## Source data
..........
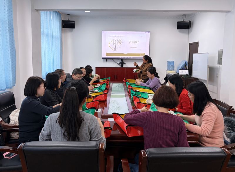 朗誦結束后,多肉DIY活動溫馨開啟。女職工們圍坐在一起,精心搭配多肉植株、鋪設盆土,充分發揮創意,親手打造專屬自己的多肉盆栽。大家相互交流技巧、分享心得,歡聲笑語間,一盆盆形態可愛、生機盎然的多肉作品應運而生,不僅舒緩了工作壓力,更收獲了動手的快樂與成就感。
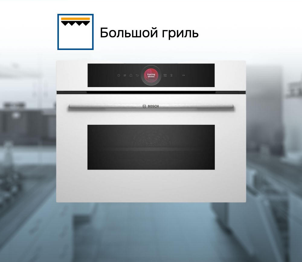 Духовой шкаф Bosch CMG7241W1 - это высококачественный прибор, который сочетает в себе элегантный дизайн и продуманные функции. Белый цвет корпуса идеально впишется в любой интерьер кухни. Благодаря объему в 45 литров, шкаф способен удовлетворить потребности даже большой семьи. Управление прибором осуществляется с помощью сенсорных элементов и 2.5-дюймового цветного TFT-дисплея, который обеспечивает простоту и удобство использования. Шкаф оборудован электронными часами и таймером, что позволяет контролировать процесс приготовления блюд и избегать пережаривания.
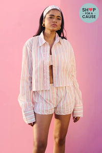 Our Tijara Shirt is designed using striped cotton fabric. It features a two-piece collar, cropped length, full sleeves, and front button closure, for an oversized fit. It pairs well with our Bordi Bralette and Morjim Shorts for a breezy summer look.
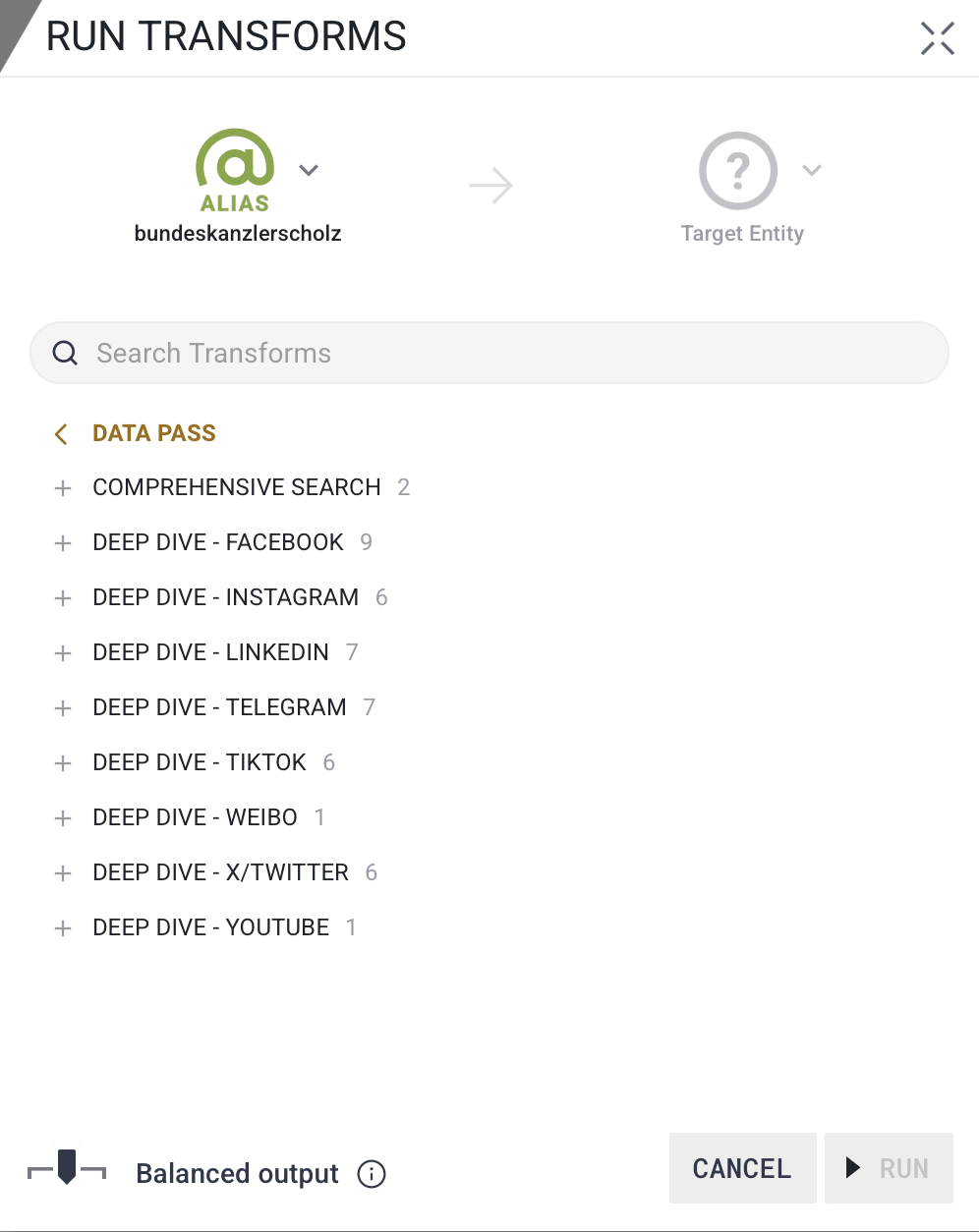 Advanced users with more precise needs can choose to expand the Composed Entity and run Transforms on Embedded Entities nested within. Available Transforms will change in this case based on the Entity type and Property rules within those Entities. For example, a user can run Transforms to get posts only from Instagram by running the appropriate Transform on the Instagram Embedded Entity instead of the Composed Entity.
..........
Repeat the listing above exactly, omitting the pictures it contains.

 朗誦結束后,多肉DIY活動溫馨開啟。女職工們圍坐在一起,精心搭配多肉植株、鋪設盆土,充分發揮創意,親手打造專屬自己的多肉盆栽。大家相互交流技巧、分享心得,歡聲笑語間,一盆盆形態可愛、生機盎然的多肉作品應運而生,不僅舒緩了工作壓力,更收獲了動手的快樂與成就感。
 Духовой шкаф Bosch CMG7241W1 - это высококачественный прибор, который сочетает в себе элегантный дизайн и продуманные функции. Белый цвет корпуса идеально впишется в любой интерьер кухни. Благодаря объему в 45 литров, шкаф способен удовлетворить потребности даже большой семьи. Управление прибором осуществляется с помощью сенсорных элементов и 2.5-дюймового цветного TFT-дисплея, который обеспечивает простоту и удобство использования. Шкаф оборудован электронными часами и таймером, что позволяет контролировать процесс приготовления блюд и избегать пережаривания.
 Our Tijara Shirt is designed using striped cotton fabric. It features a two-piece collar, cropped length, full sleeves, and front button closure, for an oversized fit. It pairs well with our Bordi Bralette and Morjim Shorts for a breezy summer look.
 Advanced users with more precise needs can choose to expand the Composed Entity and run Transforms on Embedded Entities nested within. Available Transforms will change in this case based on the Entity type and Property rules within those Entities. For example, a user can run Transforms to get posts only from Instagram by running the appropriate Transform on the Instagram Embedded Entity instead of the Composed Entity.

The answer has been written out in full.